Saturday, December 7, 2013

Nate Meyer's unusual romantic-dramedy SEE GIRL RUN is most definitely worth a stream

Critics, along with much of the audience for small independent films, often complain about filmmakers not providing movies that are really new and different, that don't fall into the same old rut. This is especially true of the rom-com-drama genre, where almost everything that turns out "different" -- from the past year's The Stroller Strategy and I Give It a Year to About Time -- is met with reactions ranging from confu-sion to outright deri-sion. And so it seems to have been with SEE GIRL RUN, a smart and original look at life, love and family written and directed by Nate Meyer that you can stream now on Netflix but that, so far as I can tell, was first seen at last year's SXSW Film Fest and then went straight to VOD, bypassing even a slight theatrical release.

See Girl Run surprises in so many ways. First of all, it sets up our expec-tations, more because of what rom-coms usually do that what Mr. Meyer (shown at left) is actually providing, and then pulls us along as it proceeds to trounce most of those expectations. Yet this is done, under the deft hand of Meyer and his excellent cast, gently and quietly rather than (in the current Hollywood mode) raucously, sleazily or with the usual simple-minded ironies. Instead the filmmaker gives us a deeper look at heroine and (not quite) hero, as well as their family members, than expected.

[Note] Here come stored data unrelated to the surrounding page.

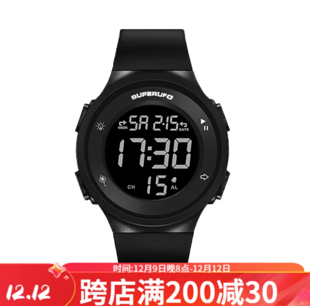 佰时顿(BASID) 手表男学生运动防水多功能初高中青少年电子表校园夜光男士腕表 黑银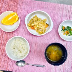 <1・2歳児>ご飯ささみのレモン煮キャベツとほうれん草の磯和えみそ汁<おやつ>芋もち牛乳…
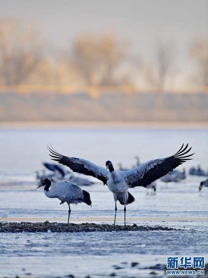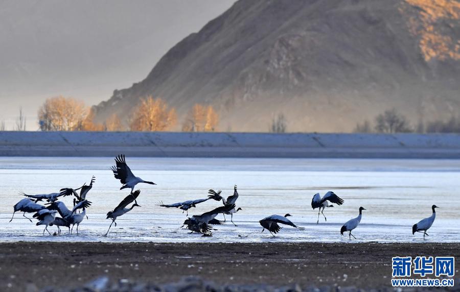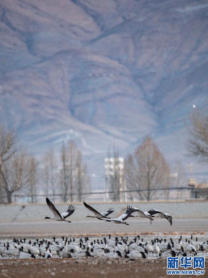 黑頸鶴在自然保護區里飛翔(2021年1月3日攝)。新華社記者 張汝鋒 攝
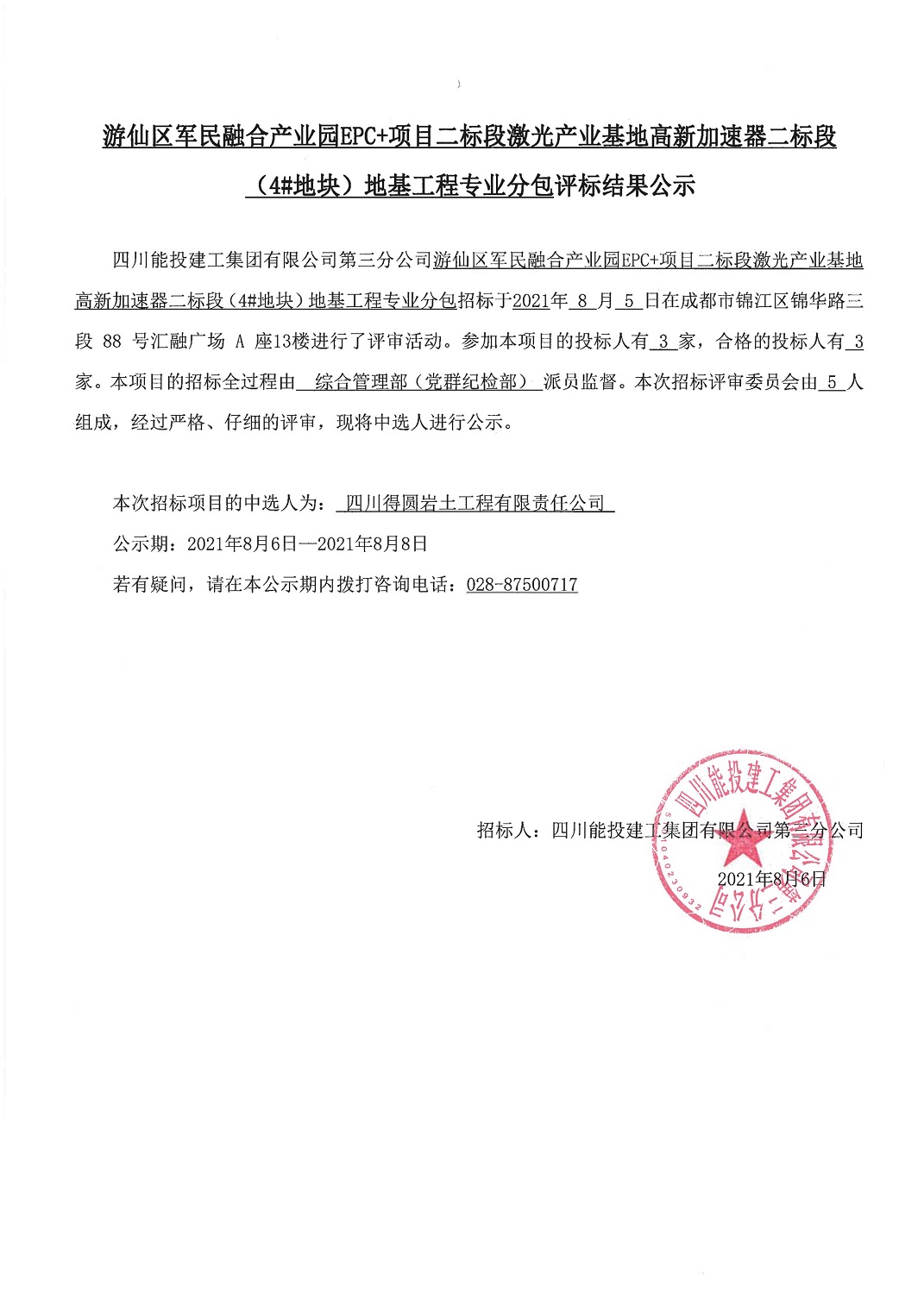 上一条:游仙区军民融合产业园EPC+项目二标段激光产业基地高新加速器一标段(5#地块)地基工程专业分包评标结果公示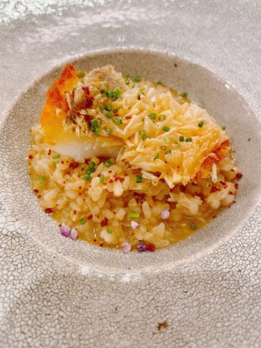 最後は5日間寝かせた白甘鯛を使ったリゾットです!なんと毛ガニも入っていました!梅干しを乾燥させたものと一緒にいただきます!最高!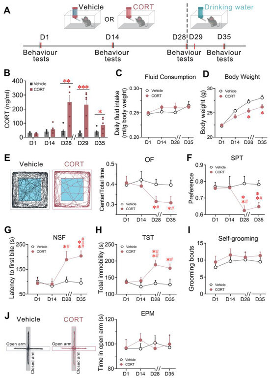 Chronic CORT administration elevated CORT levels and induced depressive-like behaviour in mice. (A) Schematic of the experimental procedure. Mice received 4-week administration of either vehicle or CORT via drinking water (D1 to D28), followed by a 1-week drug withdrawal period (D28 to D35). The short grey and red bars represent the timepoints of behaviour tests and plasma CORT determination, respectively. (B) Time course changes in plasma CORT levels across chronic administration and post-drug withdrawal period. (C) Fluid consumption and (D) Body weight monitored across chronic administration and post-drug withdrawal period. (E) Tracing of locomotion of representative animals on D28 (black: vehicle group; red: CORT group) and the ratio of time spent in the center zone to the total area during the OF test. (F) The ratio of sucrose water intake relative to total sucrose and regular water intake during the SPT. (G) The latency to the first food bite during the NSF test. (H) Duration of immobility during the TST. (I) Count of spontaneous grooming bouts within the 30 min observation window. (J) Tracing of locomotion of representative animals on D28 (black: vehicle group; red: CORT group) and time spent in the open arm during the EPM test. All double slashes on the x-axes signify the drug withdrawal. Values are presented as means ± SEM. (B) n = 6 per group; unpaired t-test, * p < 0.05, ** p < 0.01, *** p < 0.001; (C) n = 6 per group; (D–J) n = 9 in vehicle group, n = 12 in CORT group; (C–J) two-way ANOVA, F1, 10 =1.196 (fluid consumption), F1, 19 = 11.19 (body weight), 6.367 (OF), 9.861 (SPT), 10.76 (NSF), 11.72 (TST), 1.361 (Self-grooming), 0.0515 (EPM), p = 0.3240 (fluid consumption), 0.0034 (body weight), 0.0207 (OF), 0.0054 (SPT), 0.0039 (NSF), 0.0028 (TST), 0.2578 (Self-grooming), 0.8229 (EPM), Bonferroni post hoc test, * p < 0.05, ** p < 0.01 compared to vehicle group; paired t-test, # p < 0.05, ## p < 0.01, ### p < 0.001 compared to CORT group on D1. CORT, corticosterone; EPM, elevated plus maze; NSF, novelty suppressed feeding; OF, open field; SPT, sucrose preference test; TST, tail suspension test.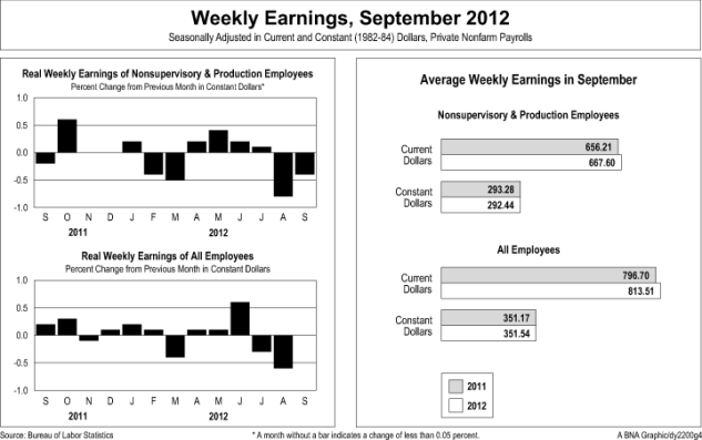 Inflation-adjusted average weekly earnings of nonsupervisory and production workers fell in September for the second straight month, the Labor Department reported Oct. 16.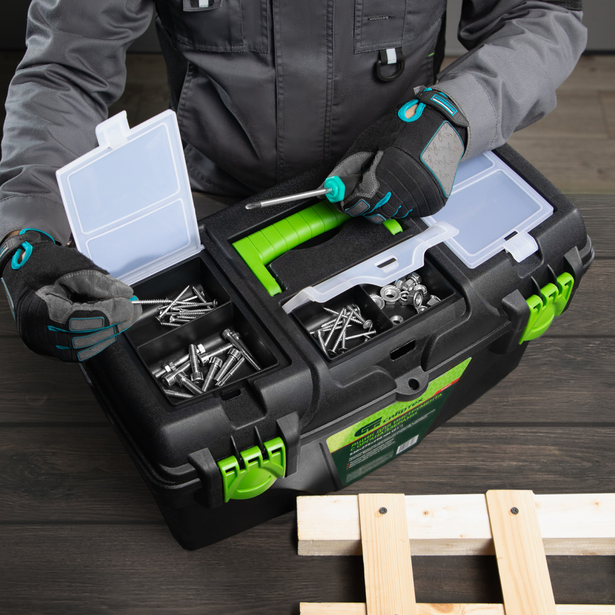 • Удобное хранение крепежа и мелких деталей — в крышке имеются органайзеры.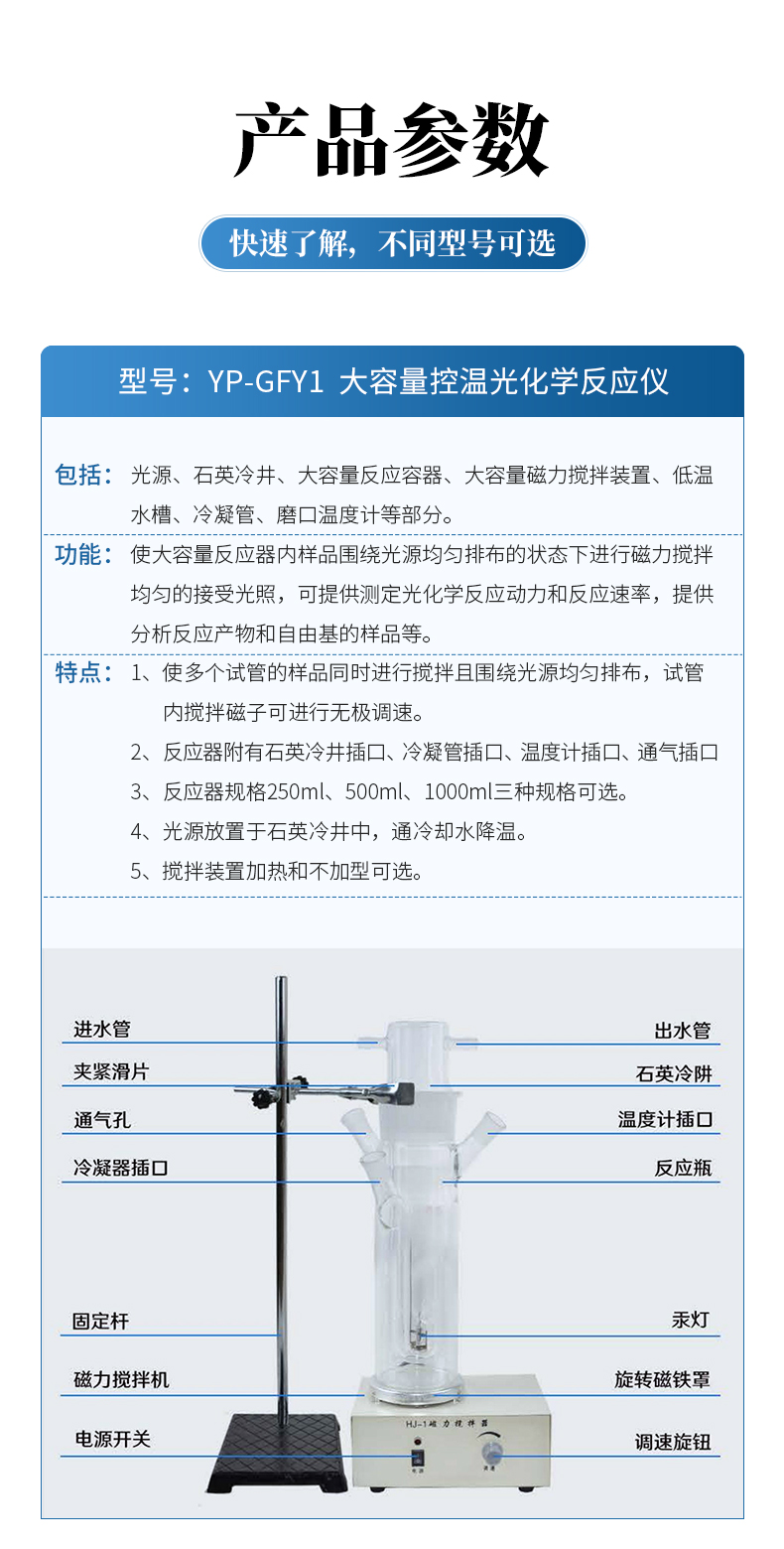 | YP-GFY2 多試管反應(yīng)器 | 包括:光源、石英冷井、石英試管、濾光裝置、多試管攪拌裝置、低溫水槽等部分。 功能:使試管內(nèi)樣品圍繞光源均勻排布的狀態(tài)下進(jìn)行磁力攪拌均勻的接受光照,可提供測(cè)定光化學(xué)反應(yīng)動(dòng)力常數(shù)、量子產(chǎn)率等 特點(diǎn):1、使多個(gè)試管的樣品同時(shí)進(jìn)行攪拌且圍繞光源均勻排布,試管內(nèi)攪拌磁子可進(jìn)行無極調(diào)速,可連接氣相色譜儀。 2、光源放置于石英冷井中,通冷卻水降溫。 3、石英試管內(nèi)放置光照溶液,30ml或50ml可選 |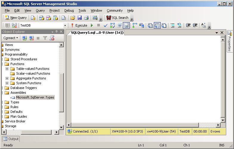 Browse to the TestDB-Programmability-Assemblies node and note that the only assembly available by default is Microsoft.SqlServer.Types.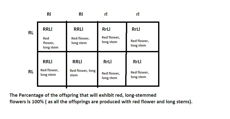 When they are allowed to cross, they will produce 100% offspring that will exhibit red, long-stemmed flowers.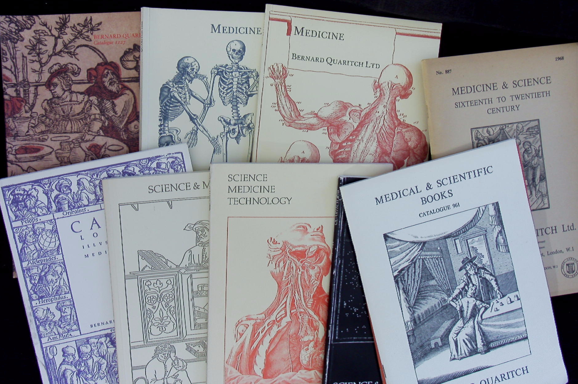 KATALOGE.– QUARITCH, Bernard: 11 Antiquariatskataloge: No 887, 911, 961, 1029,1038, 1041, 1068, 1072, 1080, 1127 und Bulletin 14. Old Medicine and Sciences. 11 Bände. London (Quaritch), 1968 – 1990. Gr. 8°. jeweils zwischen 50 und 100 S. mit zahlr. Abb. ill. OKart. wenige Marginalien. Interessantes Lot mit Katalogen aus dem berühmten englischen Spezialantiquariat. Bernard Quaritch (* 23. April 1819 in Worbis; † 17. Dezember 1899 in Hampstead) war ein englischer Buchhändler und Antiquar deutscher Abstammung. (Wikipedia)

Meyer is dealing with the oft-used "what if?" scenario but giving this a spin unlike anything we've seen. He wants us to think about, not what we might have, but what we have, then weigh it against some of our fonder wishes. He is telling us to look at what we already possess and ask ourselves what this is worth.

The excellent cast is led by one of independent film's finest actresses, Robin Tunney, above, who has continually delighted and surprised us -- from Empire Records and Niagara Niagara to Cherish and Investigating Sex -- and here does more of the same. Adam Scott, below, as her first and finest "boyfriend" is equally good in a role that, once the movie is over, you'll find yourself doubly surprised about. Supporting work is aces all 'round, from both well-known actors and others we're seeing for the first time.

I don't want to give away any more of the plot because it is that unusual. But if you are looking for a film that will upend in a genuine way so many notions placed front and center in most rom-coms, this movie should be your next streaming session. You can catch it via Netflix and Amazon Instant Video.